WOMAN founder and Rebekah’s close friend Mazz Murray says she’s optimistic about the advances in cancer diagnosis which Rebekah was denied. “Now when I think of her pain and anger turns into physical joy because we feel like we’re doing something rather than just sitting there,” says the singer who also starred in Mama Mia! and Chicago. “We felt such joy that we were able to do something in her name and if you’re saving one person’s daughter, one person’s mother, one person’s sister, one best friend it is amazing. Brian’s thrown himself into it, like he does with all his charities, he is bombarded with demands on his time every day.” Judging by his various websites, reflecting his passion for the environment, astronomy and music, he squeezes a heck of a lot out of 24 hours.

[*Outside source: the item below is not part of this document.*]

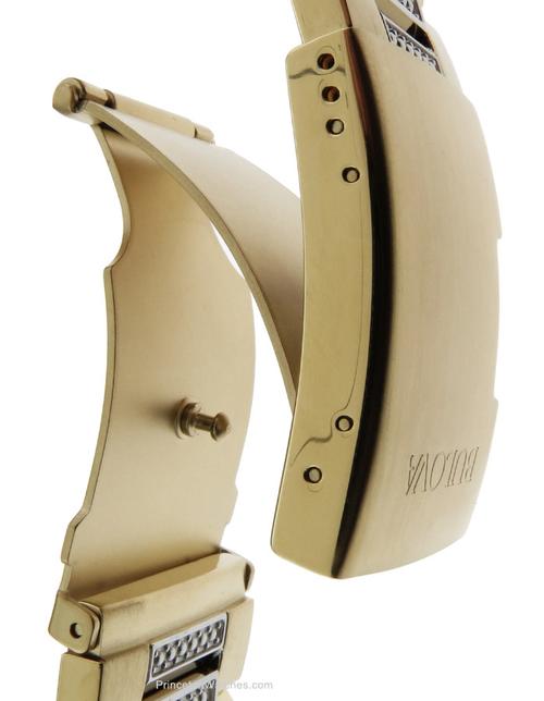 Gold ion-plated stainless steel case with a two-tone (silver-tone and gold ion-plated) stainless steel bracelet. Fixed stainless steel bezel set with crystals. Black bi-level sunray dial with luminous gold-tone hands and crystal-tipped index hour markers. An Arabic numeral appears at the 12 o'clock position. Minute markers. Arabic numeral minute markers (at 5 minute intervals) around the outer rim. Dial Type: Analog. Luminescent hands and markers.

“You could call it work but for me it’s never really been work – it’s stuff I love to do.”

His calling at the moment is around the loss of wildlife habitats, something he considers to be more of a threat to the human race than global warming.

“It starts with habitat and of course global warming is there as well but I would give preference to it because it’s less reversible; every square mile of rainforest that we cut down can never come back, it will never have the diversity that it has now and the animals will never come back. We have to stop being so greedy.”

May has relied on Zoom to launch a book during lockdown and release the WOMAN single, and hopes lockdown has taught people to stop making unnecessary long-haul flights. So will he go back on the road with Queen?

“I think things should change, yeah,” he says somewhat hesitantly, “but that’s a more long term thing. I think at the moment, we’d like to fulfill the (gig) commitment that we made. But I think after that we’ll look at things and see if we can change and see if we can do it in a more environmentally-friendly way. But it’s not easy, if people want to be there in person and see you. You can’t do that by Zoom. And it doesn’t just come down to us. It’s a problem that humanity has to solve if it wants live entertainment.”

For now, Queen and Adam Lambert, the American singer who has been their lead vocalist since 2011 including on all their recent worldwide tours, are still grappling with how to honour the rescheduled London O2 gigs – something which May says makes him feel for the fans.

“I do feel bad about it and I don’t know if we’ll be able to put that together. So those dates are still there, and people are all holding the tickets, which is a wonderful gesture of belief but whether we will be able to do it or not, I don’t think anyone knows. Putting 15,000 people in a space, even if it’s a big space, in May 2021, I think has a question mark over it.”

At this difficult time in particular, he says, Queen frontman Freddie Mercury is always in his thoughts. What would be his attitude towards the pandemic? “It would be unprintable!” says May, laughing. “I think of him every day. He would be sort of smiling wickedly, making little cracks. He had a very fatalistic attitude, he’d be saying, ‘Well, darling, we can only do what we can do’. Freddie was spared a lot of bad stuff wasn’t he? The world’s a very difficult place to live in at the moment.”

• I’m A Woman featuring Brian May & WOMAN is available to download.